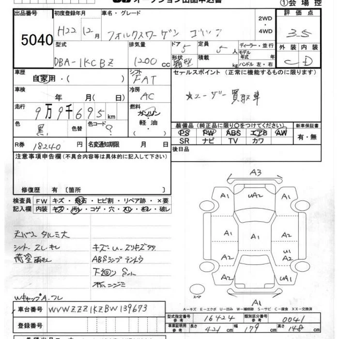Volkswagen GOLF с аукциона Японии JU Chiba лот № 5040
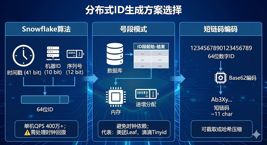 3. 短链码编码:数字id用base62编码转成短链码,64位snowflake id转换后约11个字符,可截取或哈希压缩
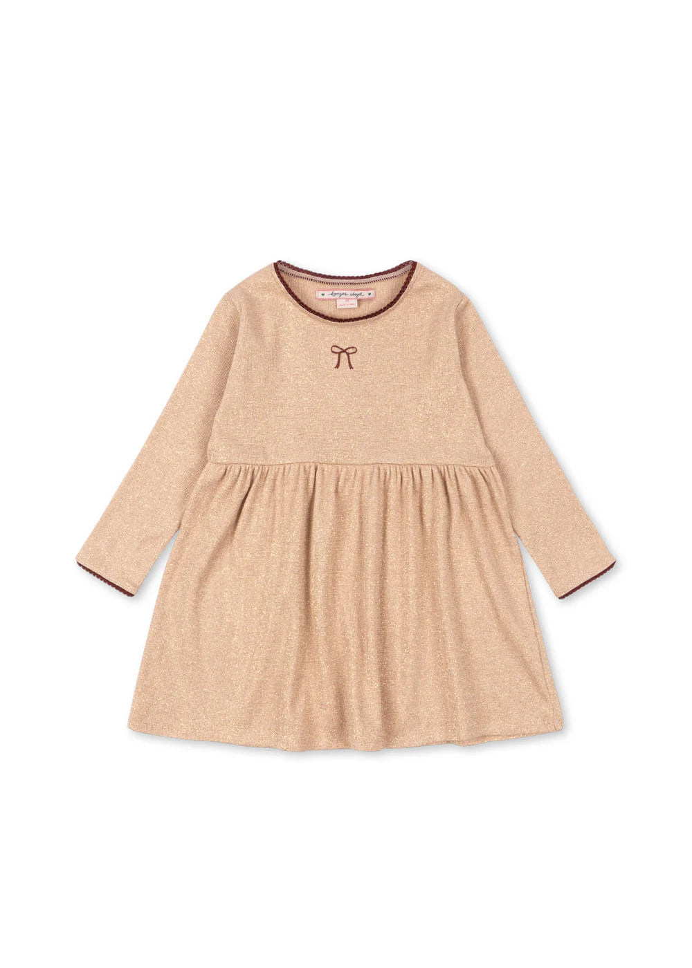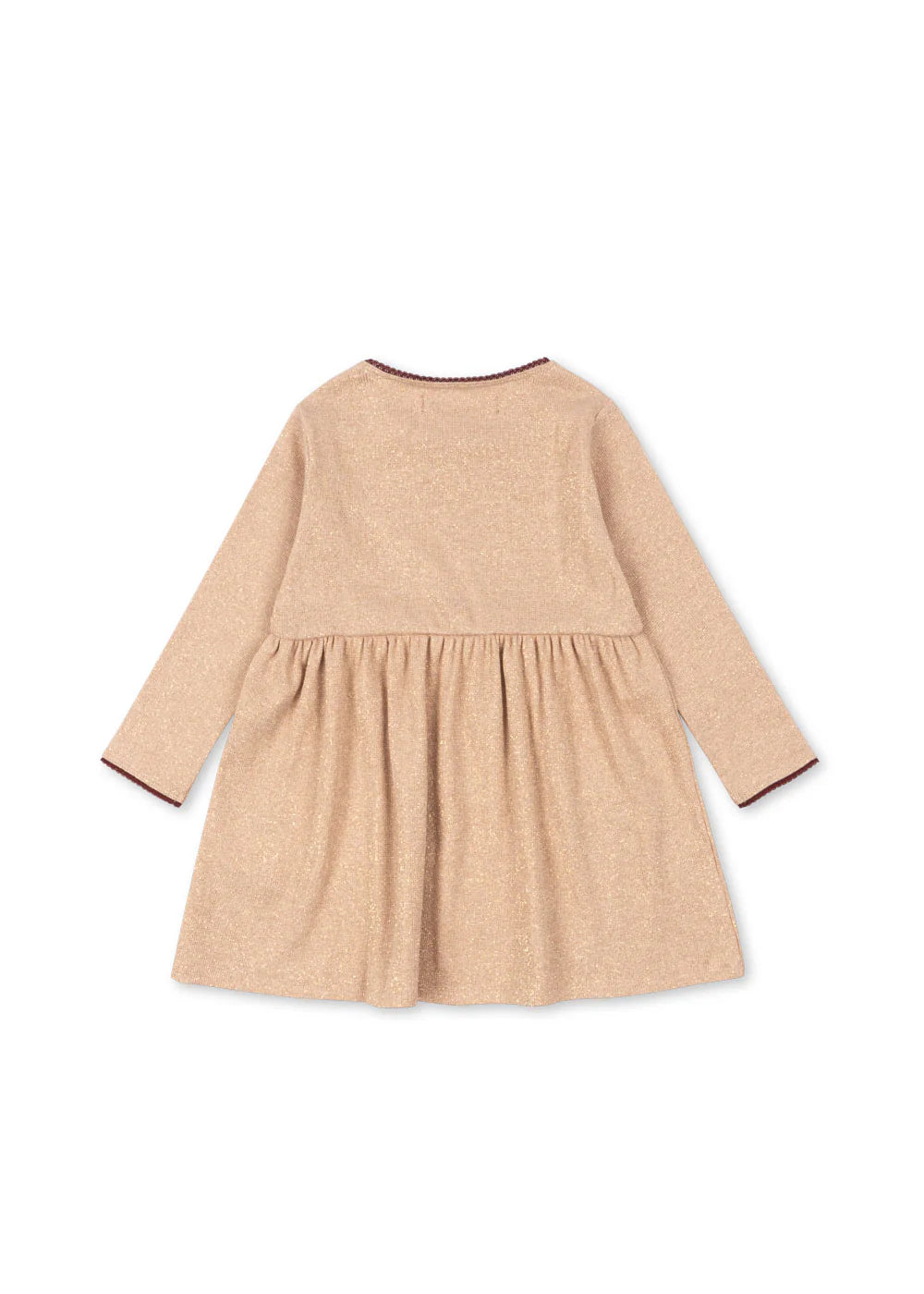 Blød kjole i bomuld med stræk. Kjolen er vævet med skinnende lurex-tråd, der tilfører et strejf af glimmer.

----------------------------------------

# [EXERCISE PROMPT]
Retype all the data exactly, please, without pictures.

# [SOLUTION]
Volkswagen GOLF с аукциона Японии JU Chiba лот № 5040
 3. 短链码编码:数字id用base62编码转成短链码,64位snowflake id转换后约11个字符,可截取或哈希压缩
 Blød kjole i bomuld med stræk. Kjolen er vævet med skinnende lurex-tråd, der tilfører et strejf af glimmer.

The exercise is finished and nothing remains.